You can watch a conversation with Basileus Zeno moderated by Mouin Rabbani about Asylum in the USA below.
Basileus Zeno is a Sessional Assistant Professor in the Department of Politics at York University in Canada, and a co-editor of Jadaliyya’s Syria Page. He received his Ph.D. in Political Science from the University of Massachusetts, Amherst in 2021. Following that, he was awarded Karl Loewenstein Fellowship in Political Science at Amherst College. Basileus also holds a B.A. and M.A. in Classical and Islamic Archaeology from Damascus University (Syria), and M.A. in Political Science and International Relations from Ohio University (USA). He was a MESA Global Academy Fellow between 2021and 2023.

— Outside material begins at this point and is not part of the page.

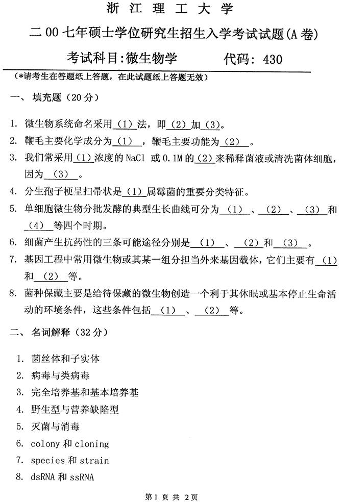 2007年浙江理工大学430微生物学考研真题(A卷)
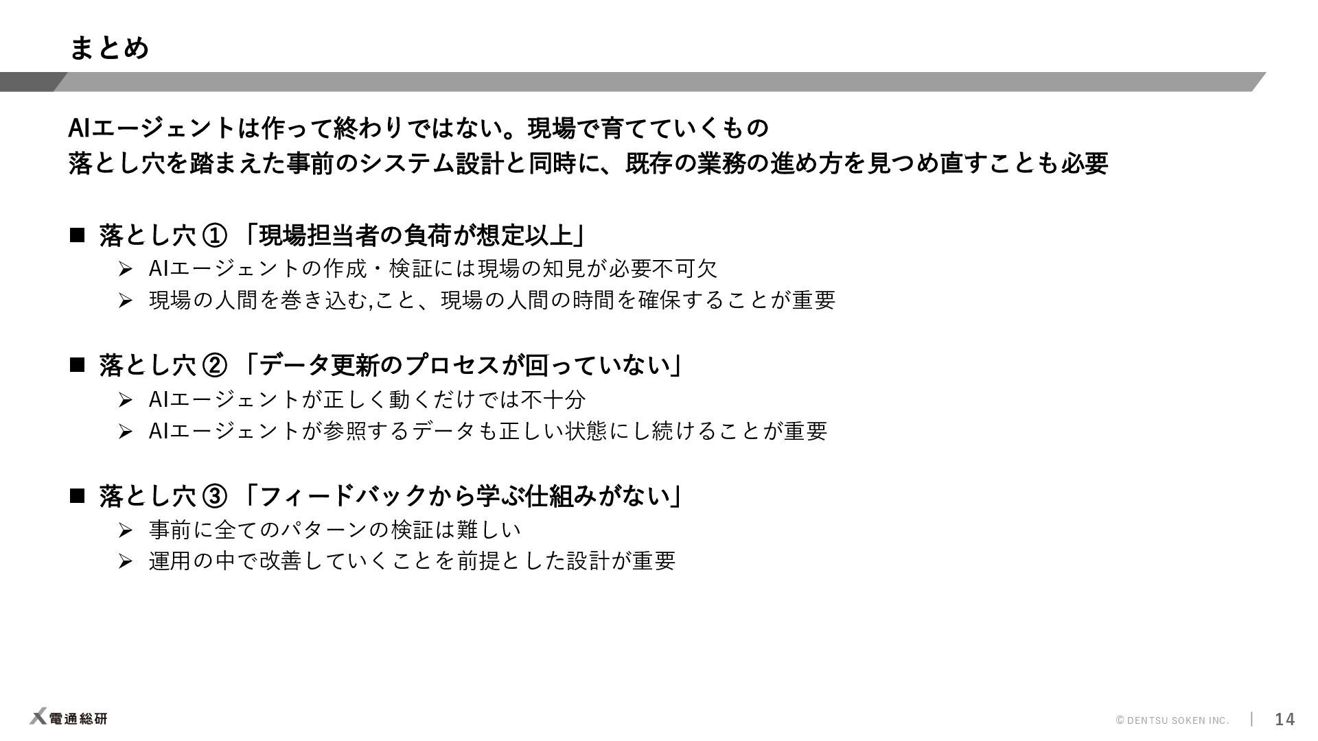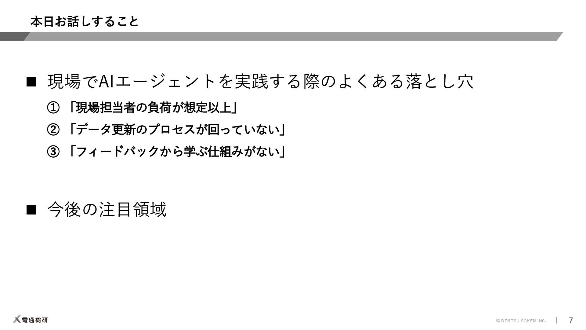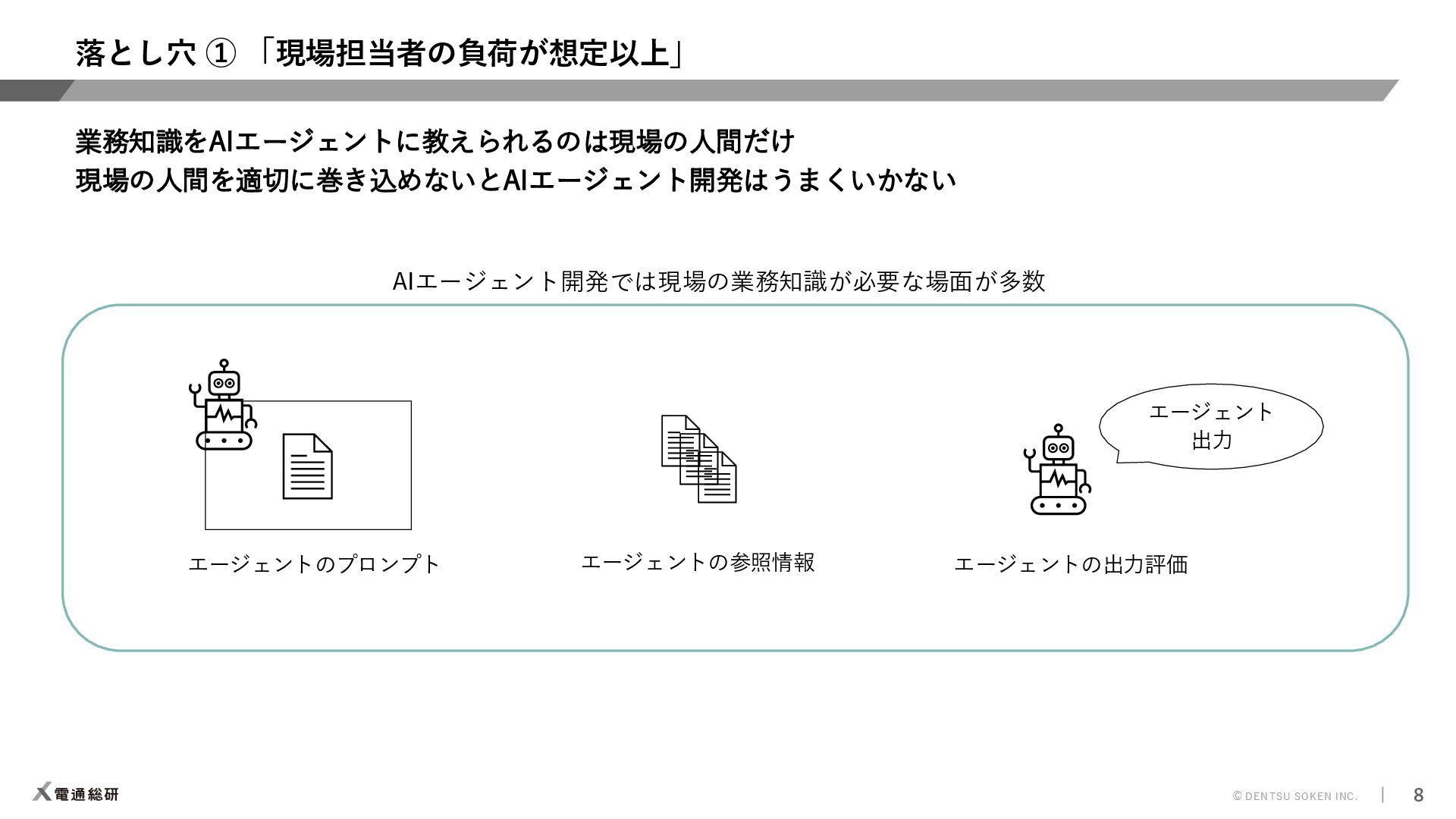AIエージェントを現場で実践する際の落とし穴について紹介します。

Zeno’s writing has been published in academic as well as public-facing outlets, including Nations and Nationalism, Middle East Law and Governance, Digest of Middle East Studies, and The Washington Post. Additionally, Zeno received grants from major international institutions, including the Open Society Foundations, Carnegie Corporation of New York, and London School of Economics and Political Science. His work has combined research, advocacy and policy work on political violence, forced migration, international security, human rights, and decolonizing methodologies. He has been invited by academic and public institutions as a writer and speaker on issues related to Syria, war, and displacement. He presented his work globally at academic institutions such as the University of Chicago, Harvard University, Duke University, UCLA, UC San Diego, University of Vienna, University of Guelph, Wesleyan University, Hampshire College, Mount Holyoke College, Smith College, Wellesley College, and numerous other places.